My collection is based around French watches (currently 55+ and (not) counting) but very occassionally I veer off to something different. This time a Services Navigator from the mid 1950's with an Oris 252 5 jewel, which keeps amazingly good time. Everything there is to know about Services I've gleaned from the posts of a certain "Mach", so dating and history for the brand and the watch was a breeze. The only thing I can't find is some basic technical info on the 252, it doesn't figure in the like of Ranfft or Christophlorenze. Ok, so it's a pin lever, for which Oris were renowned, but much more than that I don't know.

Anyway, here it is, with just a tiny amount of corrosion around the bezel, which really doesn't notice at all when on the wrist, and a very well preserved dial with just a few tiny age spots and still nice and shiny gold coloured numerals and hands.

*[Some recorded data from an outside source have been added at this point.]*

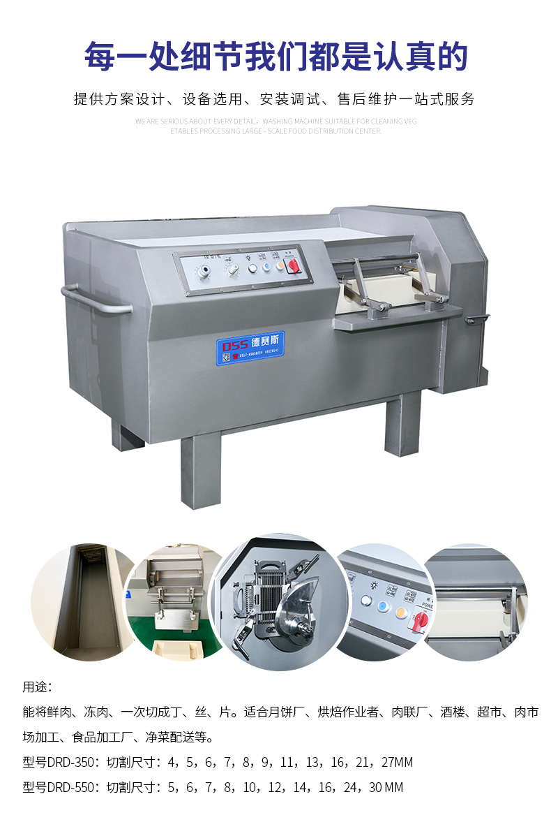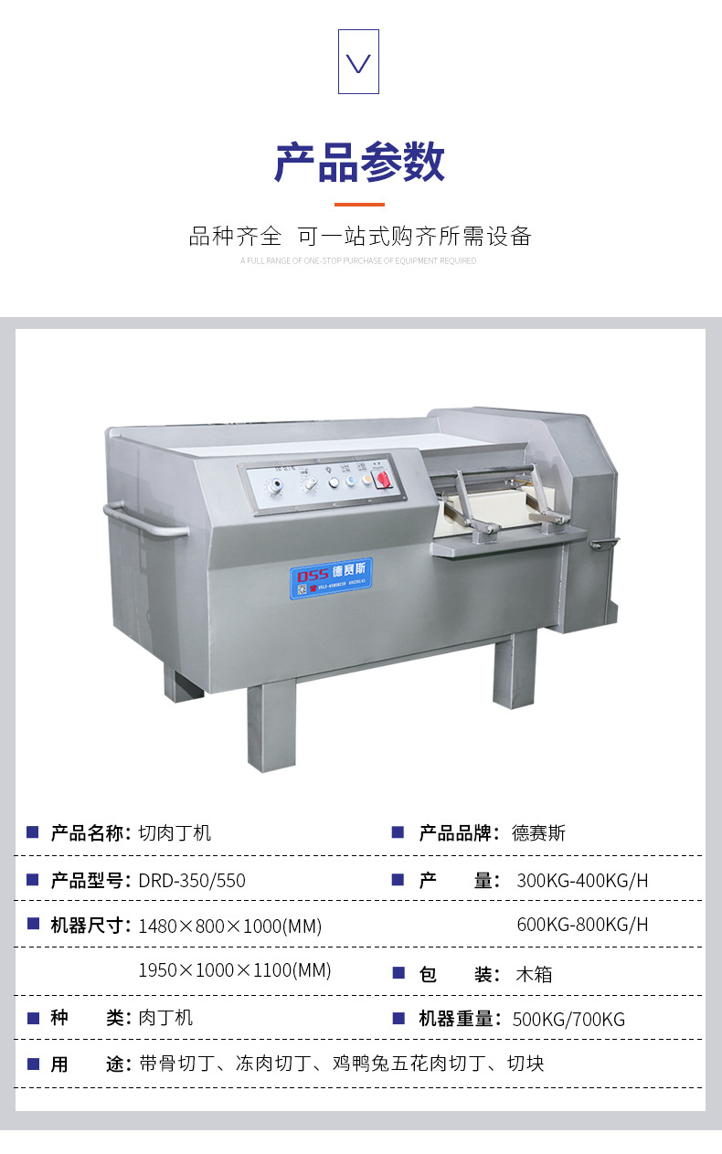 詳細信息 訂貨號DRD-350/350A 加工定制是 貨號DRD-350 550 種類凍肉片切丁機 品牌德賽斯 型號DRD-350/350A 電壓380(V) 功率3(kw) 凈重400(kg) 包裝木箱 外形尺寸1480*800*1000(mm) 產品用途能將鮮肉、凍肉、蔬菜等一次切成丁、絲、片。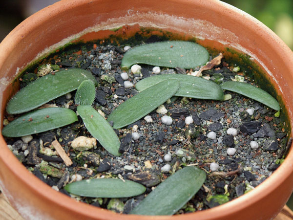 Photo 1 is of a pot of nine month old seedlings grown in Honolulu, Hawai`i by Uluwehi Knecht. Photos 2-3 show the progression of growth of one of these seedlings in year 2 and year 3. The last photo from Doug Westfall shows a dwarf form that he grows that has leaves that are about 1 inch long by about 1/2 in wide.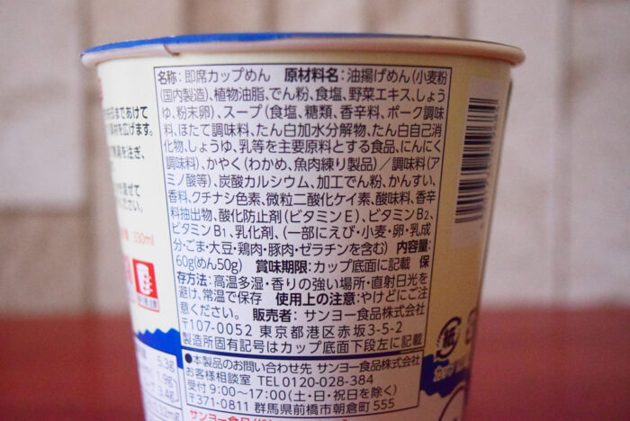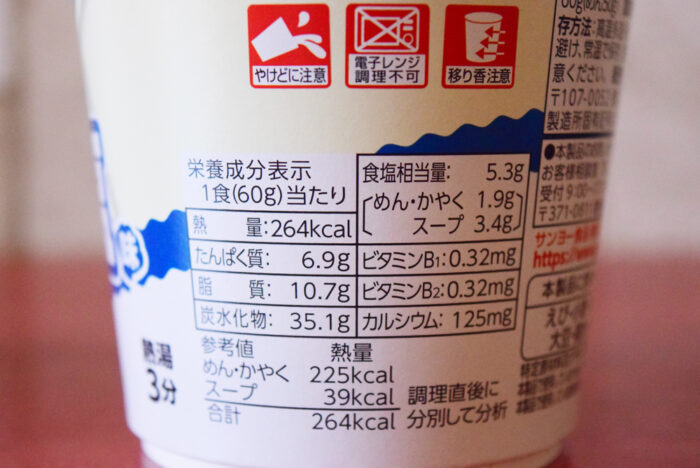 1食(60g)当たり264kcal。たんぱく質6.9g・脂質10.7g・炭水化物35.1g・食塩相当量5.3g(めん・きゃく1.9g・スープ3.4g)です。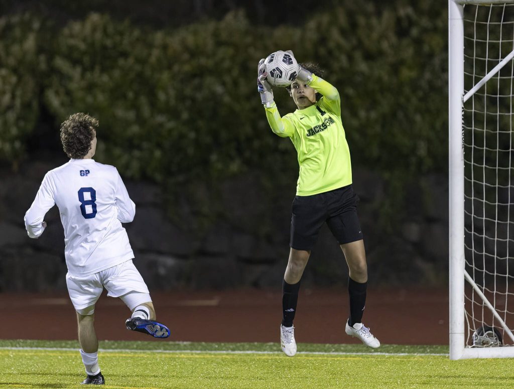 The ball arched up into the air and started descending towards the back of the net, but Jackson goalie Karson Ghosh got his hands on it to block it out over the crossbar. After fending off the ensuing corner kick, Jackson moved the ball upfield and dissected the Glacier Peak defense before senior defender Connor Huynh finished it off to make it 1-0 less than two minutes before the break.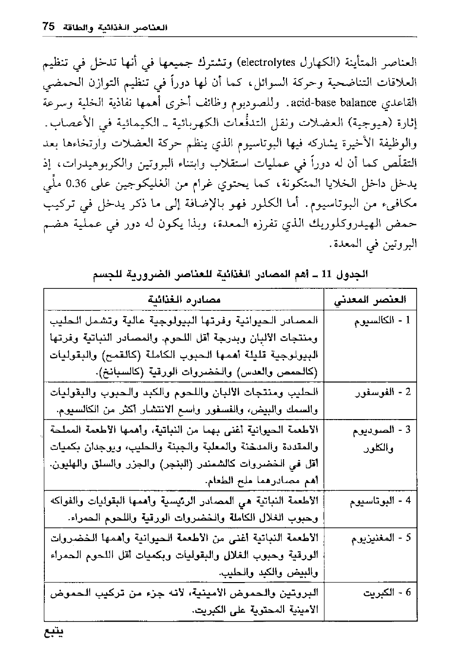 الجدول 11- أهم المصادر الغذائية للعناصر الضرورية للجسم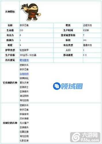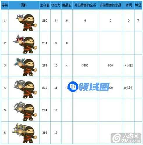 快手忍者等级为1时 ,其生命值为210,攻击力为8,生产时不需要魔晶石,但只能在城堡等级为7时才能开始招募。
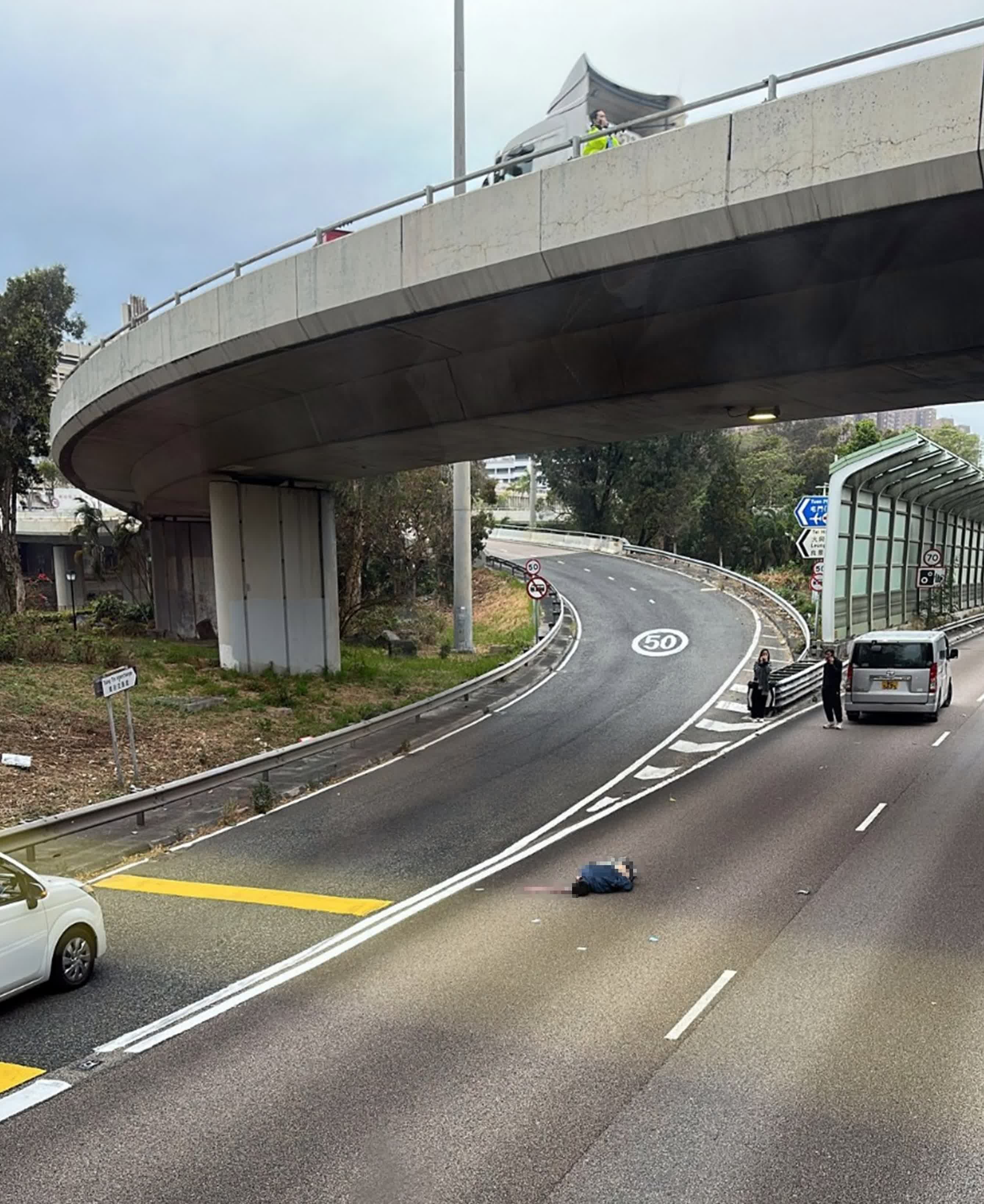 香港文匯報訊(記者 蕭景源)上周五(30日)下午,一名男子被發現浴血倒臥屯門公路近青田交匯處往元朗方向路面,經送院搶救後不治。據悉,事主事前駕電單車沿青田交匯處天橋行駛,其間疑意外失事飛墮至橋下屯門公路。今日(1日)上午11時許,約10多名死者親友在場路祭,在道士帶領下掛起一件屬於死者的衣服進行招魂儀式,一眾親友手執香燭等祭品,現場瀰漫一片愁雲慘霧。

My thanks to Mach for making my life so easy by doing all the hard work for me!


----------



## mel (Dec 6, 2006)

I'm surprised Mach allowed you to have this one, it is rather swish and weel preserved :yes:

Very Nice, Health to Wear!

ldman:


----------



## mach 0.0013137 (Jan 10, 2005)

Nice one John & I`m glad you found my information useful :thumbsup:

BTW no doubt you`ve seen these before but here`s some earlier & later versions of your model...

*"Services"** Navigator,` Foreign Made`(by Thiel Bros., Thuringia, Germany) unjeweled pin-pallet, circa early/ mid-1930s *










*Services** `Navigator` Swiss Made (by Oris) cal.296 4 Jewels circa late 1940s/early 1950s? *










*Services** Navigator, (Swiss Made) Oris cal.292 5 Jewels circa mid/late 1950s. *










*Services `Navigator`, (Swiss Made) FHFST cal.96 4, circa 1967?*.










*Services `Navigator` (Swiss Made)EB cal.8021 17 Jewels circa late 1960s*?










Now then Mel, I`m not greedy - I do sometimes allow other people to enjoy the pleasure of owning a Services


----------